EXERCISE REQUIREMENTS →
Take the whole listing and reproduce it exactly, pictures excepted.
────────────────────
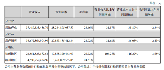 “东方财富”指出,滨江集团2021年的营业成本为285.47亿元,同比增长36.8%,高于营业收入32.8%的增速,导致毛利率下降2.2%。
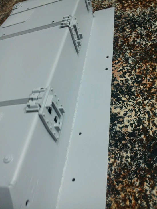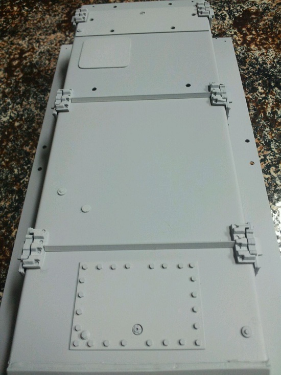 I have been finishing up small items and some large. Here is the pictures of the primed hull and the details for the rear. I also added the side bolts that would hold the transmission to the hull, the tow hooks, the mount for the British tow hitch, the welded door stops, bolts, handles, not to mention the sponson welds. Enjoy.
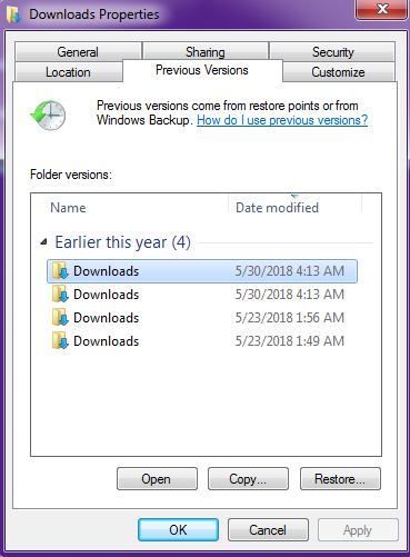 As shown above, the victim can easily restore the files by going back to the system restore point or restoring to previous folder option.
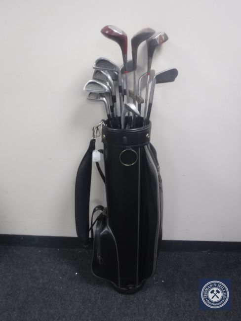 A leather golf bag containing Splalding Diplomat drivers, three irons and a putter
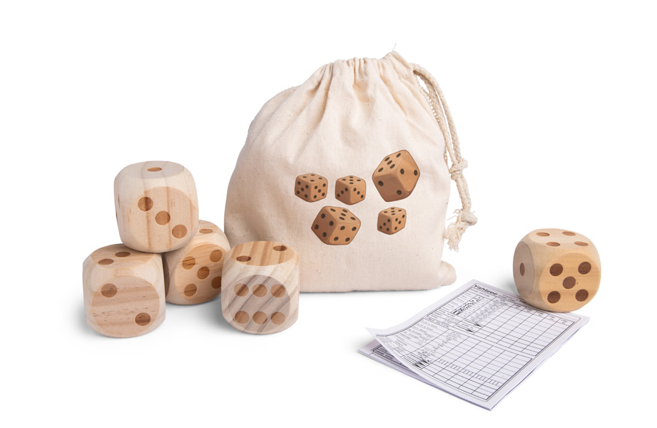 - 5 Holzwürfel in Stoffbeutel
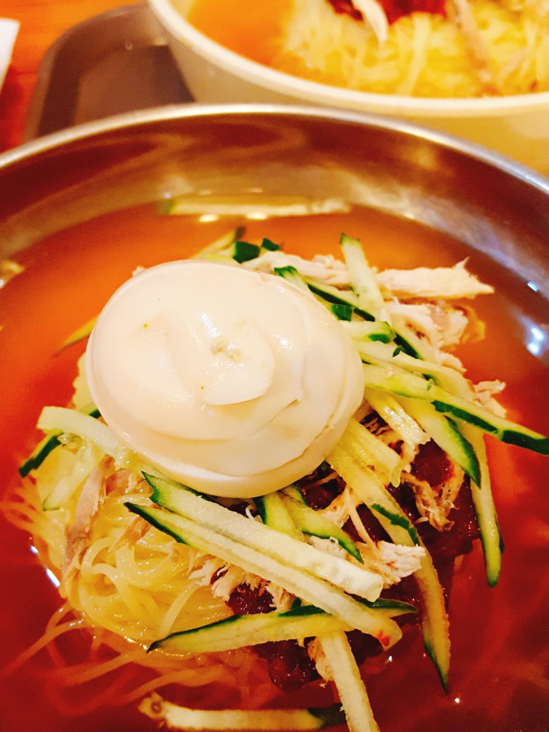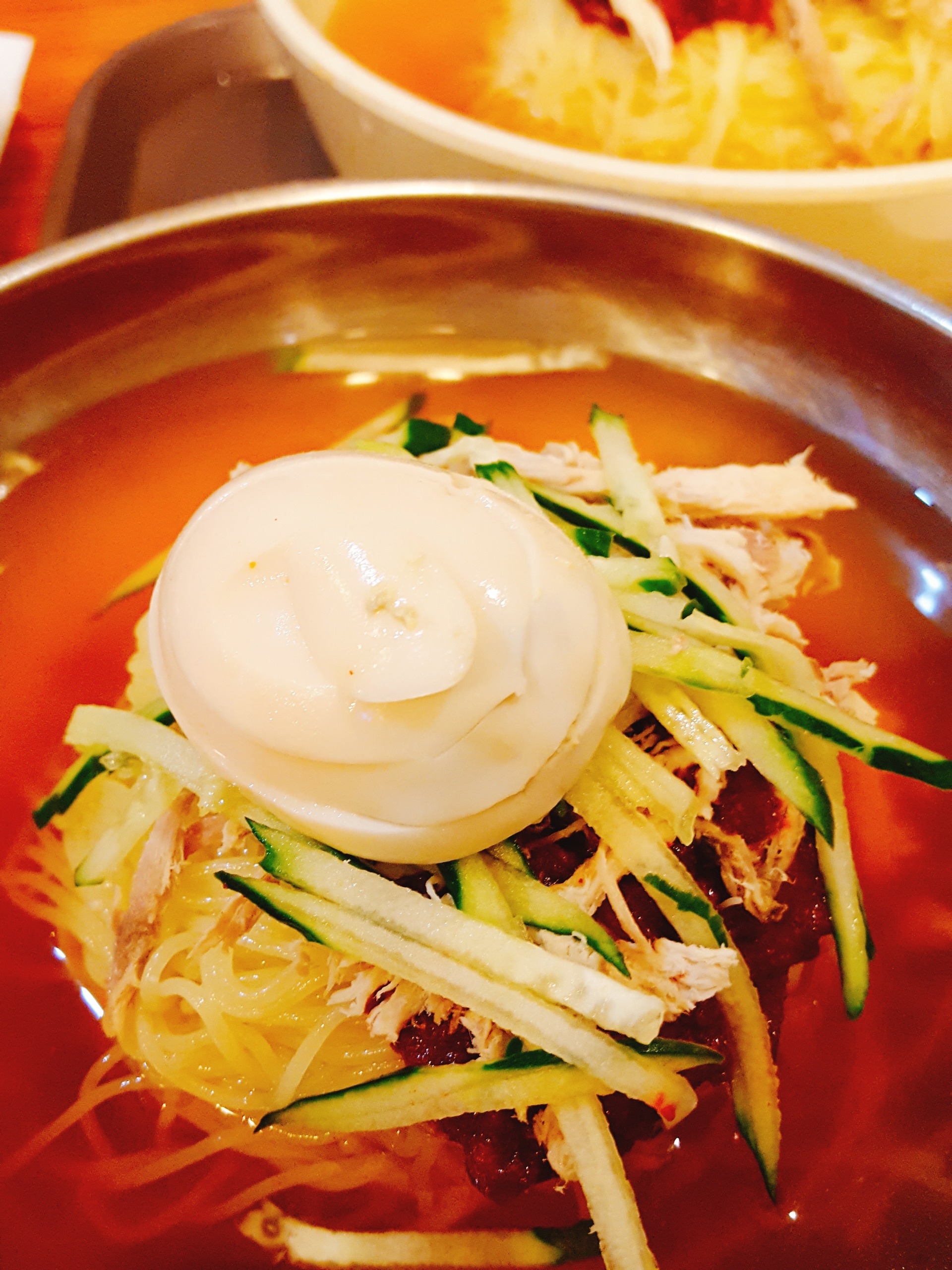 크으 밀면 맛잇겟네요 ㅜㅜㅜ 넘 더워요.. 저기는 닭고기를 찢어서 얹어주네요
────────────────────
WRITTEN REPLY →
 “东方财富”指出,滨江集团2021年的营业成本为285.47亿元,同比增长36.8%,高于营业收入32.8%的增速,导致毛利率下降2.2%。
 I have been finishing up small items and some large. Here is the pictures of the primed hull and the details for the rear. I also added the side bolts that would hold the transmission to the hull, the tow hooks, the mount for the British tow hitch, the welded door stops, bolts, handles, not to mention the sponson welds. Enjoy.
 As shown above, the victim can easily restore the files by going back to the system restore point or restoring to previous folder option.
 A leather golf bag containing Splalding Diplomat drivers, three irons and a putter
 - 5 Holzwürfel in Stoffbeutel
 크으 밀면 맛잇겟네요 ㅜㅜㅜ 넘 더워요.. 저기는 닭고기를 찢어서 얹어주네요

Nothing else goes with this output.